There are a variety of reasons for why traffic accidents occur. The three major reasons are the road, the car, and the driver. Roadway designs can greatly affect the rate of accidents in a certain area. Some roadways are better designed than others. The space between lanes, the length of merge lanes, whether there is a stop sign or traffic signal at an intersection, placement of traffic signs, posted speed limits, and roadway visibility are just some of the many variables that affect the safety of certain roads. Oftentimes, roadways are engineered exceptionally well, but over time, population growth, nearby development, and changes in traffic behavior put stress on roads and intersections. Interestingly, some transportation planners make roadways more dangerous to decrease risky driving behavior. Two ideas for making Tamiami Trail safer was to decrease the width of each lane or put roadside parking on the Trail in the downtown area. This would slow down traffic and force drivers to be more aware of their surroundings. It is what engineers call “traffic calming.”

Traffic engineers measure the quality of road infrastructures through a Level-of-Service (LOS) assessment that measures traffic flow on an A-F scale, F being the worst rating. Newly designed roads often score an A or B, even during rush hour. However, overtime, LOS ratings tend to drop as roadways reach their capacity. Many of Sarasota’s roadways have a D or F rating during rush hour. Low ranked roads can have serious safety issues, especially to pedestrians and cyclists. Driver stress and road rage increases at lower LOS ratings and many driving maneuvers become riskier.

Cars are often the cause of an accident. Popped tires, breakdowns, weak brake pedals, etc. There are many new car features on the market that have been proven to decrease vehicular accidents. Electronic stability control (ESC) is a newer feature that detects whether a vehicle is exceeding its handling capabilities. If a vehicle were at risk for losing control, the electronic stability control technology would reduce engine power and automatically apply braking power to individual wheels. ESC is only standard on some vehicles and optional in others. Car manufactures are also making vehicles safer for pedestrians in case there is an accident by designing the front-end of a vehicle in a certain way to decrease the force of impact on a pedestrian.

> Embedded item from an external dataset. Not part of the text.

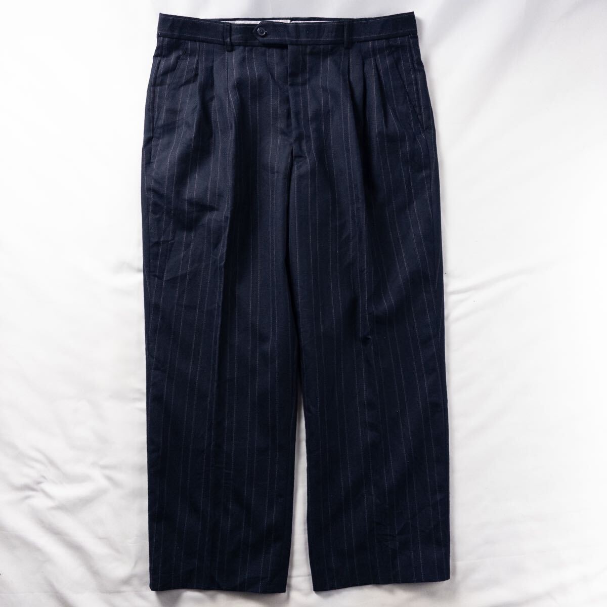- Euro Vintage 90s Vittorio St.Angelo ウール ヘリンボーン 3タック 立体 ストライプ トラッド ワイド ドレス スラックス トラウザーズ

However, drivers are nearly always the primary cause of an accident. Speeding, reckless driving, impaired driving, road rage are all driving risks that the driver can avoid. The most common type of accident in Sarasota County are rear-end collisions. This type of accident is usually caused by a driver who was not paying attention. The most accident-prone intersection in Sarasota County is Center Road at U.S. 41.

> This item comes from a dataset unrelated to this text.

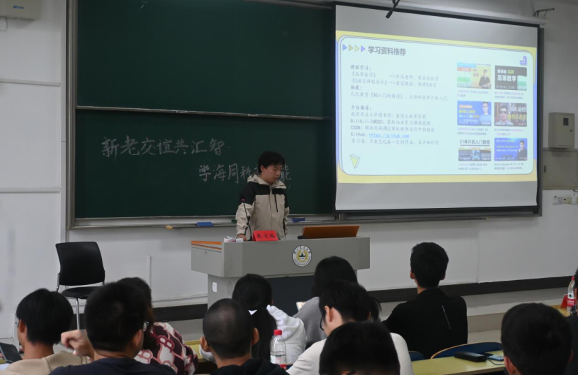 在电信类专业会场上,自动222班朱文韬结合自己的亲身经历,耐心解答了新生们关于课程选择和学习目的的疑问,并提供了许多有效的学习方法和建议;自动212班陈林蔚紧接着深入探讨了有关科研竞赛的话题,使同学们对其有了更加深刻的认识;而电信213班阚婉宁则以自己充实的校园生活为引,生动地向新生们介绍了学院内所有的学生组织,并解答了关于学时要求的疑问,她鼓励同学们在专注学业的同时,积极参与各类活动,在人智院这一片蓝天下,照耀属于自己的光芒。
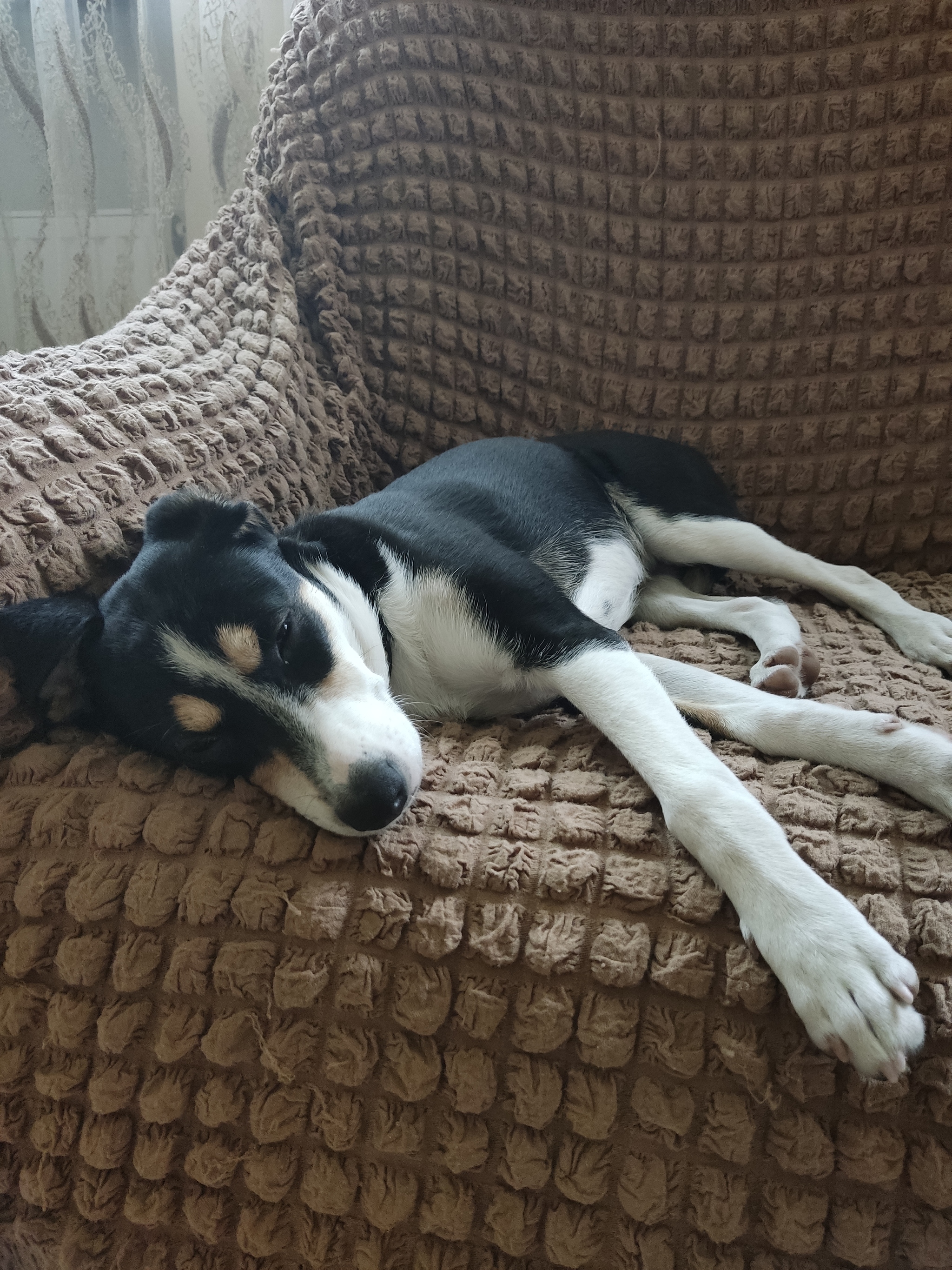 Прибежало это чудо само, встало на пороге дома и никуда не ушло. Сейчас уже подросла, когда возили в ветеринарную клинику сказали 3 месяца ей. Вот уже почти 2 как живёт с нами. Дети в восторге. По окрасу и морде прикольная метиска наверное) хотя когда поменьше была думали породистая.

Overall, traffic safety is a major concern. Deaths and injuries to drivers, passengers, pedestrians, and cyclists occur too often and can be easily avoided. Traffic engineers and city officials are always working towards improving roadways, car manufacturers are putting a large emphasis on safety features (not only features that protect individuals in case of an accident, but prevent accidents in the first place), and police officers and traffic safety campaigns are being aimed at stopping and preventing bad driving behavior. The life and safety of many residents are tied to transportation safety.